O uso de brancos específicos também apresenta outras vantagens adicionais, particularmente quando o aditivo, por si só, pode ser usado como substrato pelas populações microbianas. Como exemplo, extratos brutos de plantas podem conter açúcares fermentáveis. Logo, o uso de branco específico poderia ser usado para descontar as quantidades de gás e CH4 produzidas pela degradação desse substrato

adicional.

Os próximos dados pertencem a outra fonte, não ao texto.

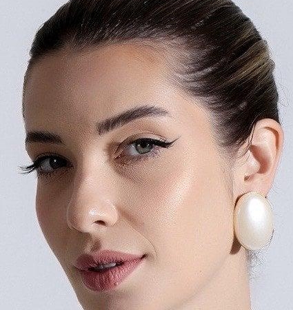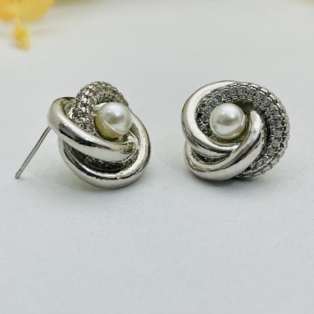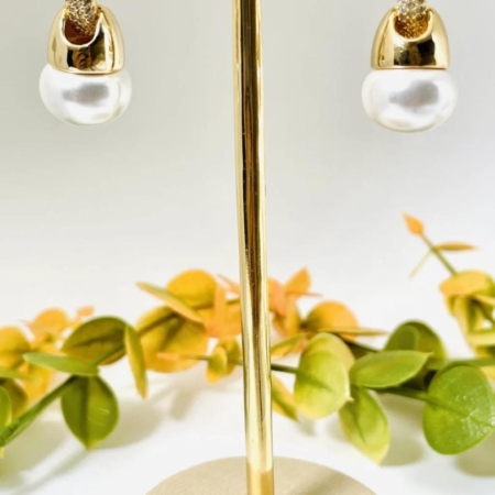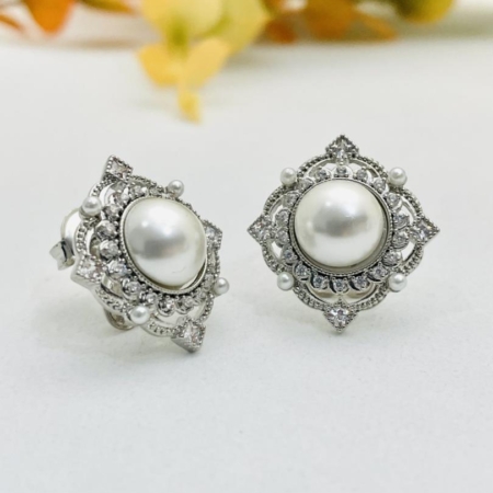 • Brinco Prata com Banho de Ródio e Pérola Central com Zircônias Cravejadas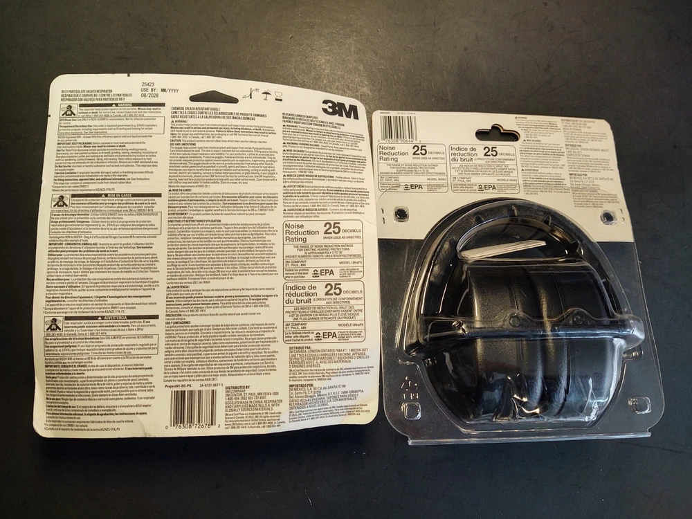 3M Safety Project Kit Earmuff, N95 Mask, Goggles and Earplug 25 dB NRR Home Shop Please see pictures for reference! Feel Free to Communicate, I answer all messages within 24 hours Thank you for shopping my Colorado Small Business! The 3M Project Safety Kit includes safety goggles, respirator and corded reusable earplugs for an all in one safety kit. Safety goggles help protect eyes against certain airborne particulates and chemical splash. Corded reusable earplugs provide a 25 dB NRR protection and the N95 respirator is used for non harmful dusts from sanding, grinding, sawing and insulating particles. The 3M Project Safety Kit includes safety goggles, respirator and corded reusable earplugs for an all-in-one safety kit + 3M Earmuffs for extra hearing safety & protection The N95 respirator is used for non-harmful dusts from sanding, grinding, sawing and insulating particles NIOSH approved particulate respirator Respirator features 3M Cool Flow Valve for heat reduction and easier breathing Corded reusable earplugs provide a 25 dB NRR protection Earplugs feature a cord for convenient storage around neck when not in use Safety goggles help protect eyes against certain airborne particulates and chemical splash Safety goggles meet ANSI Z87.1-2010 requirements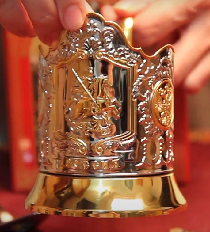 Bronze by the gilded tea set, where we see the notorious George the Victorious. The Holy War, which has long been considered the patron saint of the capital, is traditionally depicted on horseback, striking a serpent with a spear, his image is decorated with precious metal by hand. Below we see the inscription "Moscow", in general, the product looks majestic, and the presence on both sides of the great martyr of state symbols makes it an excellent present in the official style.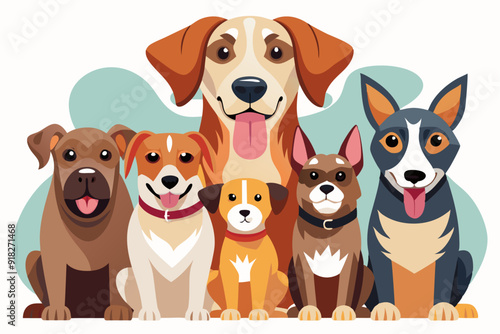 Six Adorable Dogs Sitting Together, Smiling and Happy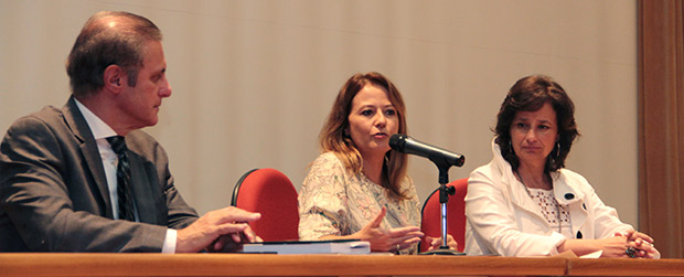 O vice-presidente da Cetesb, Nelson Bugalho, a secretária de Estado do Meio Ambiente Patrícia Iglecias e a presidente da Abre, Gisela Schulzinger

Tal aplicação já foi feita ao se avaliar plantas moídas contendo substâncias capazes de modificar a fermentação ruminal (GOEL; MAKKAR; BECKER, 2008).

Em alguns casos, brancos específicos podem não ser necessários ou até mesmo viáveis. Como exemplo, em nosso estudo o 1,8-cineol apresentou pouco efeito sobre a fermentação, o que torna desnecessário o uso de branco específico. A inclusão

de brancos específicos aumenta drasticamente o número de frascos, o que é bastante relevante em estudos que visam avaliar simultaneamente diversos aditivos, como os apresentados por Bodas et al. (2008), García-González et al. (2008) e Soliva et al. (2008). Adicionalmente, é importante frisar que qualquer esforço no intuito de reduzir a quantidade de MO do inóculo também diminui a necessidade de brancos específicos.

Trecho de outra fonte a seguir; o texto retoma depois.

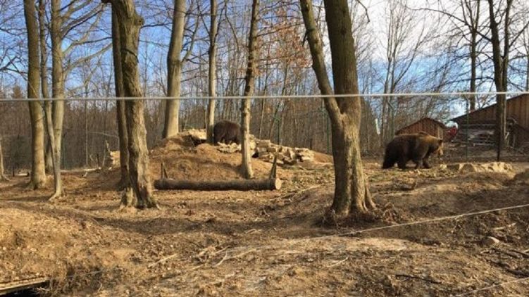"Если их выпустить, они будут ходить по ближним деревням и наносить убытки людям. Дина - самая старшая. Ей около 20 лет. Ее сын - Мир. Еще есть Надежда. Их так назвали, когда началась война, - с надеждой на мир. Маши - шесть. В спячку медведи не впадают из-за мягких зим. Даже в дикой природе теперь медведи не залегают ", - рассказал Бучко.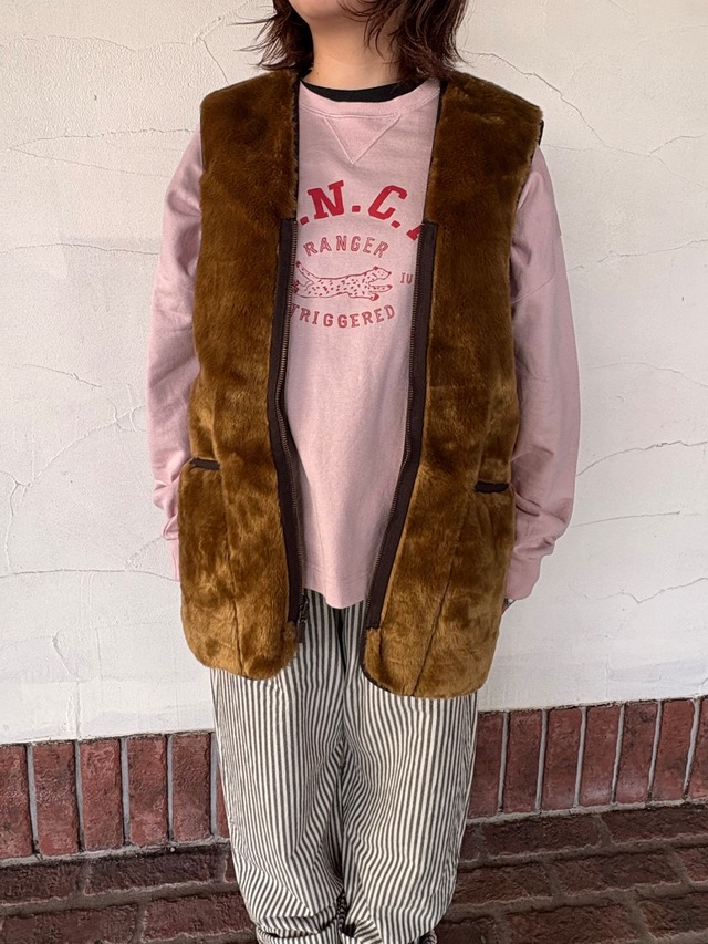 品番 08210764 (232MLI0035) 価格 ¥25,300 素材 アクリル100% 裏地、ポリエステル100% カラー ブラウン size 38 着丈 69㎝ 肩幅 39.5㎝ 身幅 51㎝ モデル身長148㎝ リバーシブルで着られるファーライナー。 毛足長めのファーが肌触りが良く、しっかりと保温性があるのが特徴 オーバーサイズすぎないシルエットなので、身体が大きく見えず女性も着やすいです! 秋口には羽織として、冬にはアウターにインして着るのもおすすめです

Por fim, a Tabela 6 mostra que a produção líquida de gás para CAR corrigido para BCAR (7,5 mL) foi muito pequena ao ser comparada com sua DVMO (52,4%).

Consequentemente, a produção líquida de gás foi somente 27,3 mL/g MOdegradada, o que

é muito menor do que os 213 mL/g MOdegradada do CTL. Resultados similares também

ocorreram para a produção de CH4 expressa em mL/g MOdegradada. A degradação foi

muito maior do que a produção de gás porque o substrato não-degradado (dieta com 80% de concentrado e 20% de volumoso, contendo 62,7% de milho) foi parcialmente solubilizado pelo meio de incubação e pela solução de detergente neutro usada para a determinação da degradação verdadeira. A adição de 50 mg de carvacrol apresentou o efeito mais pronunciado dentre os aditivos testados. Como resultado, mais substrato não-degradado foi obtido após 16 h de incubação. A solução de detergente neutro foi desenvolvida para solubilizar o conteúdo celular dos vegetais, porém também solubiliza parcialmente o amido (VAN SOEST; ROBERTSON; LEWIS, 1991). Como resultado final, a DVMO foi superestimada para o tratamento CAR.